SOURCE RECORDS:
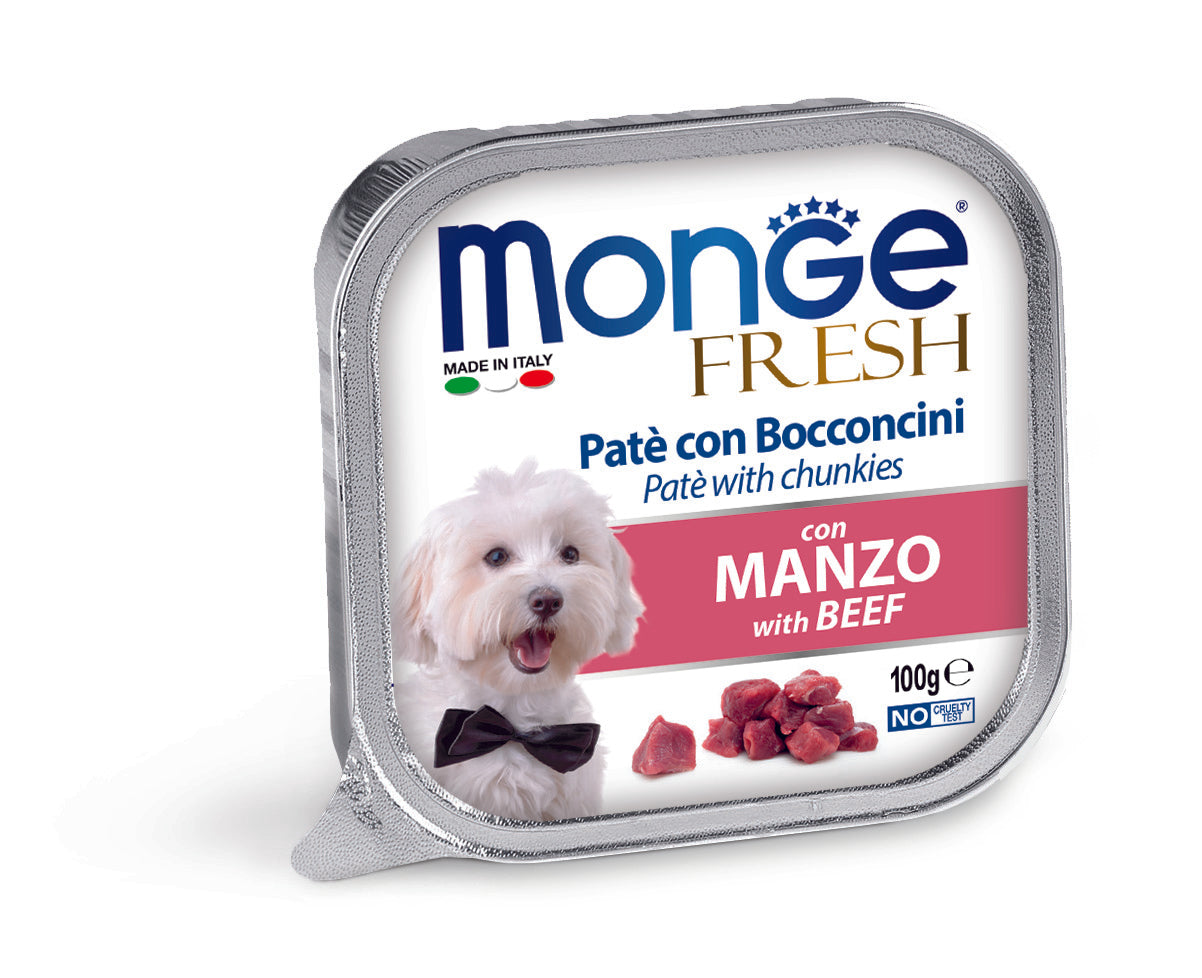 מונג פרש לכלב פטה עם נתחי בקר 100 גרם בקופסה
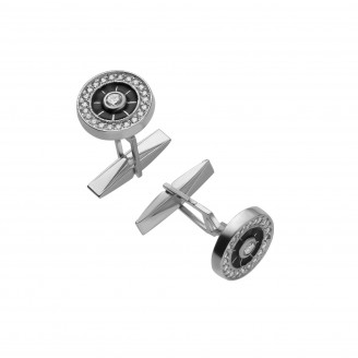 Зажим выполнен из серебра 925 пробы, для обработки используются комбинированные методы. Вставки – эмали черного цвета, подчеркивающие интересный дизайн украшения для мужчин. Для крепления на ткани галстука используются зубчики, не дающие аксессуару сползти с материала. Такая система фиксации подходит для плотных и средних тканей, надежно удерживая галстук в требуемом положении. К сорочке зажим крепится посредством кольца на тонкой цепочке.
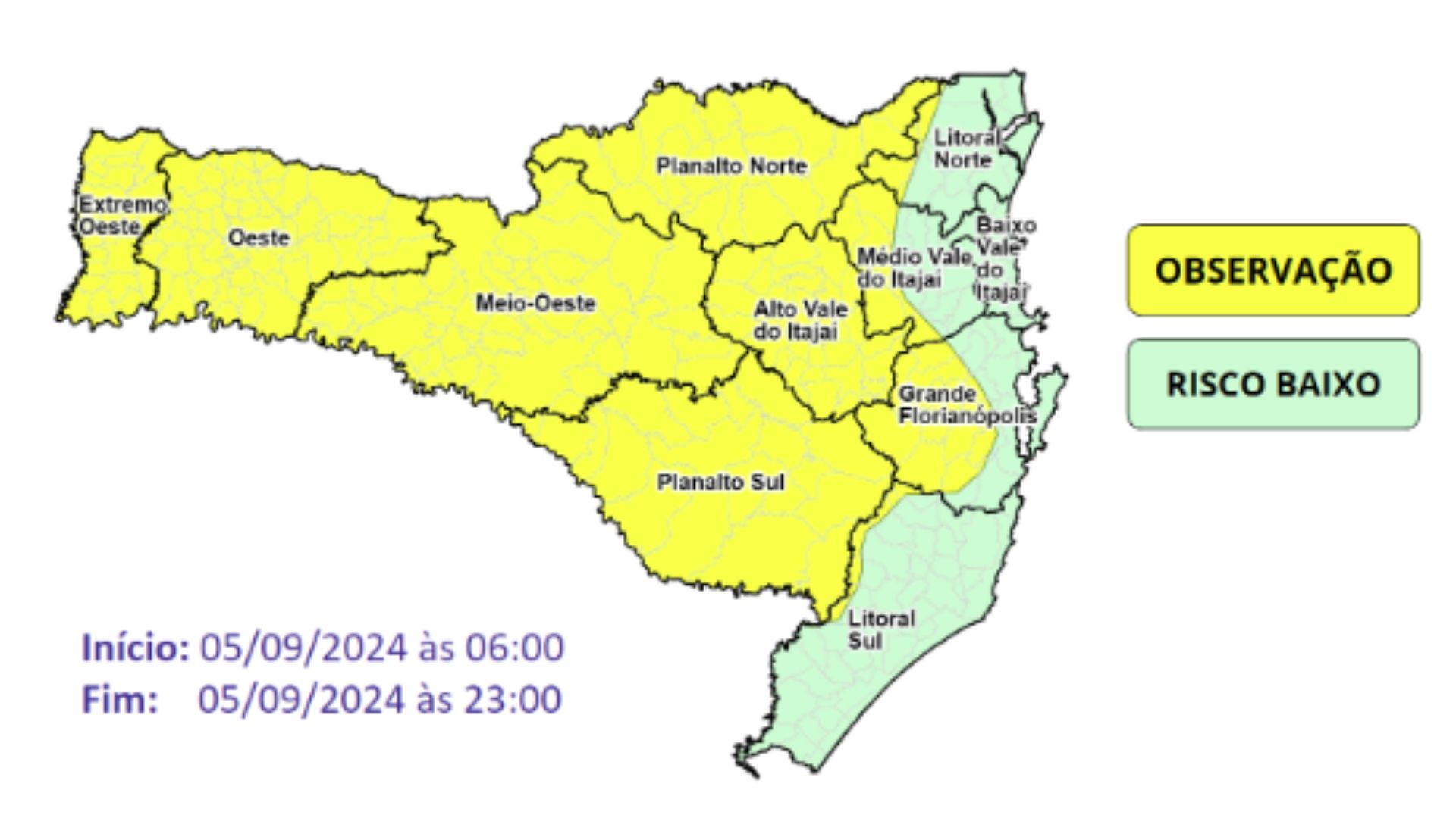 Já nas áreas em verde, o declínio deve variar de 7°C a 10°C, com risco baixo para ocorrências.
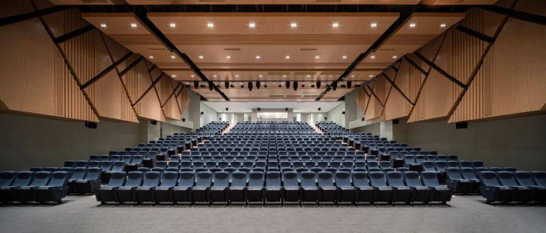 中庭报告厅:木色与淡蓝色为主调,照明系统支持会议、休息、清洁模式,演讲者视觉舒适度经UGR测算;
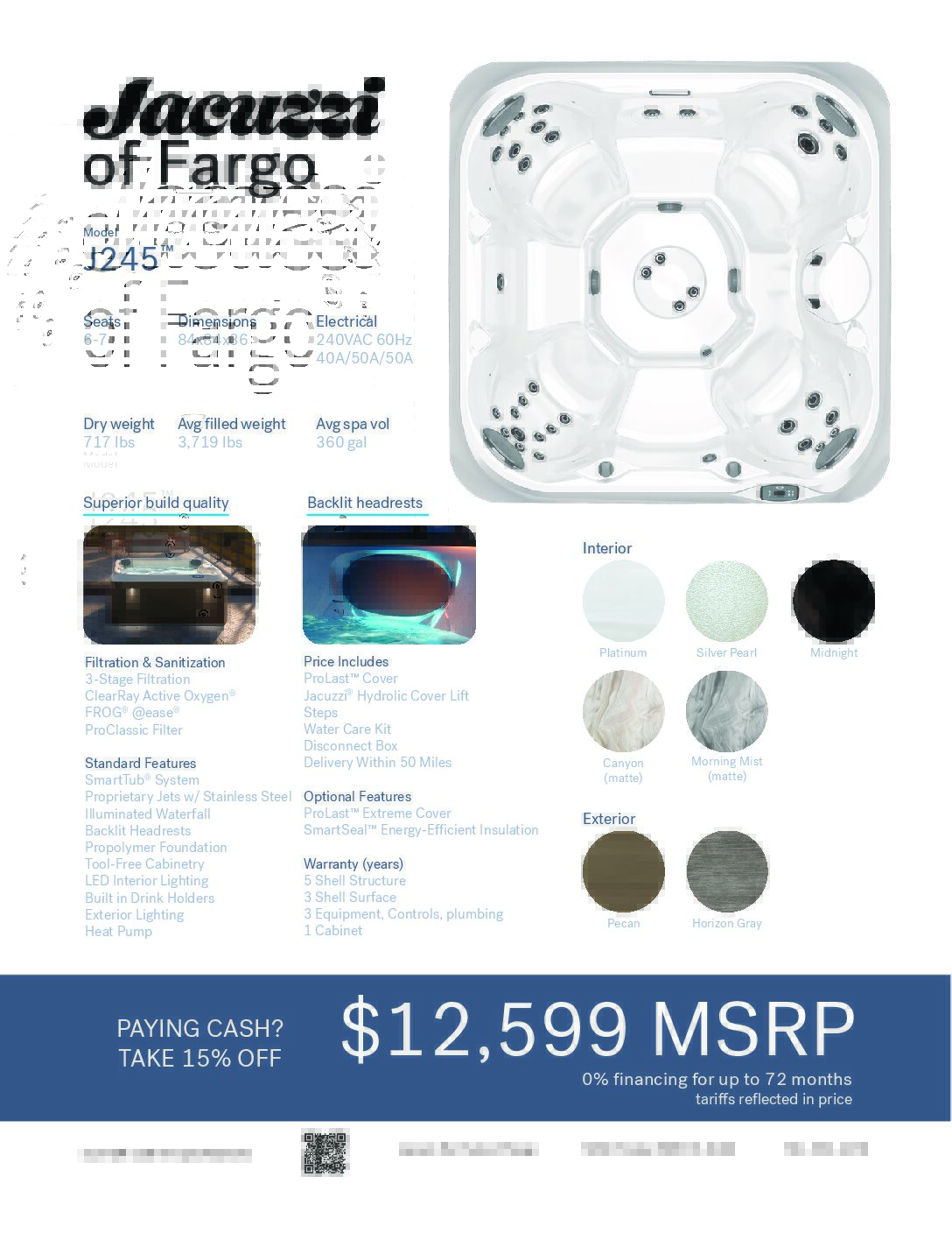 This value spa also includes LED lighting and an open-seating arrangement to ensure rest and relaxation for all. In addition to our impressive selection of hot tub models, we also feature a variety of Jacuzzi® Hot Tub accessories to further enhance your spa experience.
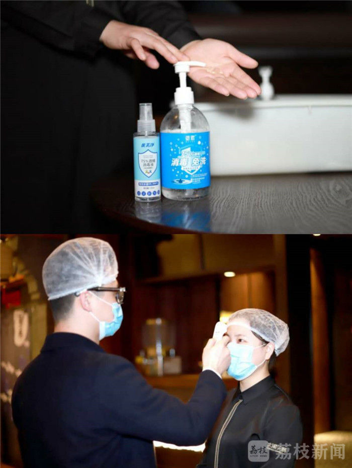 1.经过电子健康通行证安全认证以后,为顾客测温同时还为顾客的手部消毒。
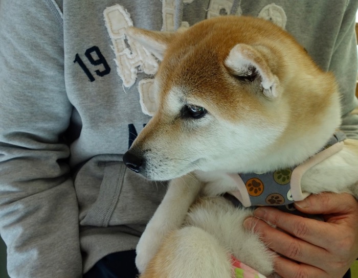 お天気が回復した月曜日、「午前中に行かなくちゃ!」っと、準備をしていたら、出かける気配を察知したあん、いそいそとやって来て、「あたしも行く〜」と嬉しそうだったのに、着いた先が動物病院で、この不機嫌な顔(笑)。今日は、1ヶ月に1度の定期検査。膀胱の状態をエコ
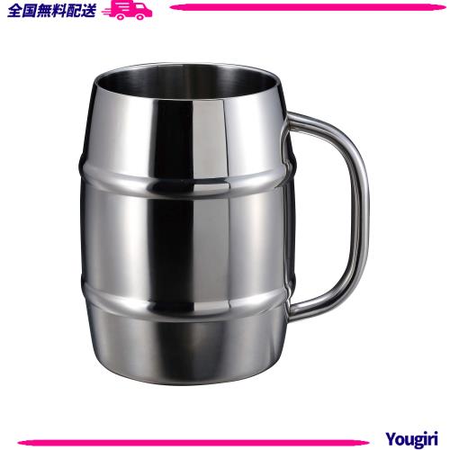 キャプテンスタッグ(CAPTAIN STAG) コップ マグカップ ビールジョッキ ビアジョッキ ダブルステンレス 真空二重構造 保温・保冷 樽型 1L
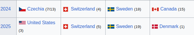 >>532525821The results are the same if you only account for gold...>>532525856Already happened, sort of. The NHL sanctioned 2016 World Cup featured a Team Europe with all the best players from Austria, Denmark, France, Germany, Norway, Slovakia, Slovenia, and Switzerland. They finished second. If Sweden, Finland, Czech Republic (and maybe even Russia) had been included, they would have destroyed all competition easy.
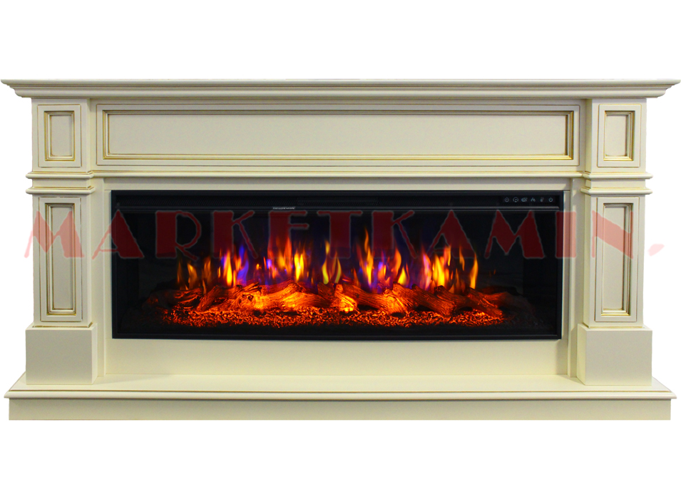 Бетховен (светло-бежевая эмаль с золотой патиной) Очаги 50″ на выбор (дрова/кристаллы/3D эффект живого пламени) Габариты (ШxВxГ)1900x900x400 мм

YOUR OBJECTIVE: A verbatim printout of the entries above is expected, free of pictures.

ANSWER TO THE EXERCISE:
 מונג פרש לכלב פטה עם נתחי בקר 100 גרם בקופסה
 Зажим выполнен из серебра 925 пробы, для обработки используются комбинированные методы. Вставки – эмали черного цвета, подчеркивающие интересный дизайн украшения для мужчин. Для крепления на ткани галстука используются зубчики, не дающие аксессуару сползти с материала. Такая система фиксации подходит для плотных и средних тканей, надежно удерживая галстук в требуемом положении. К сорочке зажим крепится посредством кольца на тонкой цепочке.
 Já nas áreas em verde, o declínio deve variar de 7°C a 10°C, com risco baixo para ocorrências.
 中庭报告厅:木色与淡蓝色为主调,照明系统支持会议、休息、清洁模式,演讲者视觉舒适度经UGR测算;
 This value spa also includes LED lighting and an open-seating arrangement to ensure rest and relaxation for all. In addition to our impressive selection of hot tub models, we also feature a variety of Jacuzzi® Hot Tub accessories to further enhance your spa experience.
 1.经过电子健康通行证安全认证以后,为顾客测温同时还为顾客的手部消毒。
 お天気が回復した月曜日、「午前中に行かなくちゃ!」っと、準備をしていたら、出かける気配を察知したあん、いそいそとやって来て、「あたしも行く〜」と嬉しそうだったのに、着いた先が動物病院で、この不機嫌な顔(笑)。今日は、1ヶ月に1度の定期検査。膀胱の状態をエコ
 キャプテンスタッグ(CAPTAIN STAG) コップ マグカップ ビールジョッキ ビアジョッキ ダブルステンレス 真空二重構造 保温・保冷 樽型 1L
 >>532525821The results are the same if you only account for gold...>>532525856Already happened, sort of. The NHL sanctioned 2016 World Cup featured a Team Europe with all the best players from Austria, Denmark, France, Germany, Norway, Slovakia, Slovenia, and Switzerland. They finished second. If Sweden, Finland, Czech Republic (and maybe even Russia) had been included, they would have destroyed all competition easy.
 Бетховен (светло-бежевая эмаль с золотой патиной) Очаги 50″ на выбор (дрова/кристаллы/3D эффект живого пламени) Габариты (ШxВxГ)1900x900x400 мм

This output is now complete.